Headmaster, Clifton College
- In office 2000–2005

Master, House Master, Head of Classics Eton College
- In office 1984–2000

Personal details
- Born: 1953 (age 72–73)
- Education: The King's School, Canterbury
- Alma mater: University of Oxford

= Stephen Spurr =

English educationalist (born 1953)

Stephen Spurr (born 9 October 1953) is a British teacher, classicist, and academic as well as Chairman & Director of Education of Intellego Education, a family of schools backed by H.I.G. Capital.

From 2014 to August 2019, he was the Global Education Director of Inspired, an international education network of more than 60 K–12 schools on five continents.

From 2005 to 2014, he was the Head Master of Westminster School. Throughout his tenure, Westminster topped the FT academic league tables, combining A-level and GCSE results. While at Westminster, he chaired the Independent Schools Examination Board.

Prior to that, he was headmaster of Clifton College (2000–2005), and House Master and Head of Classics at Eton College (1984–2000). Before Eton, he was a university academic, lecturing on Greek and Roman literature, history and archaeology.

==Education==
Spurr was educated at The King's School, Canterbury, and Sydney Grammar School. He studied classics at the Universities of Sydney and Oxford, culminating in a DPhil degree in Ancient History from Oxford. He was awarded a postgraduate fellowship at Harvard University, the Ancient History Prize and Cooper and Pelham Scholarships at Oxford, and a Rome Scholarship at the British School at Rome.

==Views==
In 2004, Spurr stated that A-level exams may fail talented pupils, especially in the humanities; Westminster consequently switched to Cambridge Pre-U exams in nine subjects, which he described as "so much more stimulating to teach and learn" and much better preparation for study at university. He has also always been a great proponent of scientific education. In another two subjects, his Westminster pupils followed International A-levels, which, together with the Pre-Us, enable comparison with the best schools world-wide, since Spurr aims to educate pupils not only for a successful entrance to top ranked universities but also to become engaged global citizens of the future. While working for Inspired, he also came to appreciate the value of the IB curriculum. From 2006 to 2013, Spurr was the Chairman of ISEB, the board that produces and regulates the Common Entrance examination, with emphasis on breadth of knowledge, academic integrity, and rigour. According to Tatler, Spurr also believes in academic research for its own intrinsic sake.

At Eton, Clifton and Westminster, he consistently looked to identify and encourage academically ambitious pupils in the state sector, through extensive fund-raising for bursary programmes and by establishing the Eton–Harlesden Summer School in 1986 and the Clifton Summer School in 2001, and, in his last year as head master at Westminster, he set up the Harris-Westminster Sixth Form Academy, a joint project between Westminster School and the Harris Federation, which opened in 2014 and was judged Outstanding in its first Inspection by Ofsted.

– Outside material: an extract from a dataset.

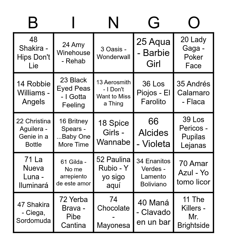 This bingo card has 75 words: 1 Nirvana - Smells Like Teen Spirit, 2 Bon Jovi - It's My Life, 3 Oasis - Wonderwall, 4 Linkin Park - In the End, 5 Evanescence - Bring Me to Life, 6 Blink-182 - All the Small Things, 7 Green Day - American Idiot, 8 Red Hot Chili Peppers - Californication, 9 R.E.M. - Losing My Religion, 10 No Doubt - Don't Speak, 11 The Killers - Mr. Brightside, 12 Coldplay - Yellow, 13 Aerosmith - I Don't Want to Miss a Thing, 14 Robbie Williams - Angels, 15 Guns N' Roses - November Rain, 16 Britney Spears - ...Baby One More Time, 17 Backstreet Boys - Everybody, 18 Spice Girls - Wannabe, 19 Madonna - Hung Up, 20 Lady Gaga - Poker Face, 21 Rihanna - Umbrella, 22 Christina Aguilera - Genie in a Bottle, 23 Black Eyed Peas - I Gotta Feeling, 24 Amy Winehouse - Rehab, 25 Aqua - Barbie Girl, 26 Lou Bega - Mambo No. 5, 27 Corona - The Rhythm of the Night, 28 Gala - Freed from Desire, 29 OutKast - Hey Ya!, 30 Hanson - MMMBop, 31 Soda Stereo - De Música Ligera, 32 Los Fabulosos Cadillacs - Matador, 33 Los Auténticos Decadentes - La Guitarra, 34 Enanitos Verdes - Lamento Boliviano, 35 Andrés Calamaro - Flaca, 36 Los Piojos - El Farolito, 37 Bersuit Vergarabat - Yo Tomo, 38 Turf - Pasos al costado, 39 Los Pericos - Pupilas Lejanas, 40 Maná - Clavado en un bar, 41 Vicentico - Los Caminos de la Vida, 42 Julieta Venegas - Limón y Sal, 43 La Mosca - Para no verte más, 44 Vilma Palma e Vampiros - Auto Rojo, 45 Babasónicos - Irresponsables, 46 Ricky Martin - Livin' la Vida Loca, 47 Shakira - Ciega, Sordomuda, 48 Shakira - Hips Don't Lie, 49 Chayanne - Provócame, 50 Luis Miguel - Suave, 51 Thalía - Arrasando, 52 Paulina Rubio - Y yo sigo aquí, 53 Juanes - La Camisa Negra, 54 Daddy Yankee - Gasolina, 55 Don Omar - Dale Don Dale, 56 Wisin & Yandel - Rakata, 57 Calle 13 - Atrévete-te-te, 58 Aventura - Obsesión, 59 Celia Cruz - La Vida es un Carnaval, 60 King África - La Bomba, 61 Gilda - No me arrepiento de este amor, 62 Ráfaga - La Luna y Tú, 63 Ráfaga - Mentirosa, 64 Grupo Sombras - La Ventanita, 65 Antonio Rios - Nunca me faltes, 66 Alcides - Violeta, 67 Rodrigo - Soy Cordobés, 68 Walter Olmos - Por lo que yo te quiero, 69 Los Palmeras - Bombón Asesino, 70 Amar Azul - Yo tomo licor, 71 La Nueva Luna - Iluminará, 72 Yerba Brava - Pibe Cantina, 73 Damas Gratis - Se te ve la tanga, 74 Chocolate - Mayonesa and 75 Las Ketchup - Aserejé.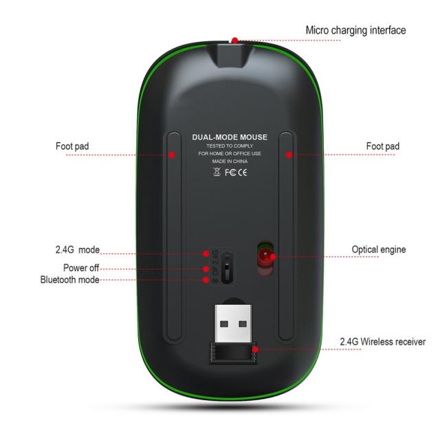 パッキングリスト:1 *デュアルマウス(デュアルモード:Bluetooth + 2.4 Gワイヤレス)、1 * USBレシーバー、1 * USB充電ケーブル(25cm)、1 *英語マニュアル;

He has always considered that British education needs to take careful notice of the best international standards. This is a theme on which he has given talks in the UK, Italy, Singapore, the US and China – where he linked Westminster school with Beijing No 4, one of the top academic schools in Beijing. Developing his belief in the growing importance of international education, on leaving Westminster he joined Inspired as Group Education Director in September 2014 helping the company to grow successfully from its original base of four schools in South Africa to (when he retired from Inspired to set up his own consultancy in August 2019) 64 schools and 46,000 students on five continents. He is a governor of the Royal Ballet School and of Tonbridge School. As an independent educational consultant, he speaks and advises regularly on the future of education, combining the best of traditional British pedagogy with the highest international standards and the latest advances in digital learning.

==Personal life==
In 1982, Spurr married Susanna Armani in Rome, and they have a son and a daughter.

==Scholarship==
In addition to articles, interviews and talks on education, and to scholarly books and articles, particularly in Latin literature and Roman History, and publications in the field of Egyptology (while at Eton he was also curator of the Myers Museum of Ancient Egyptian Art), Spurr is known as a translator of Italian, and was awarded a Times Literary translation prize in 1991.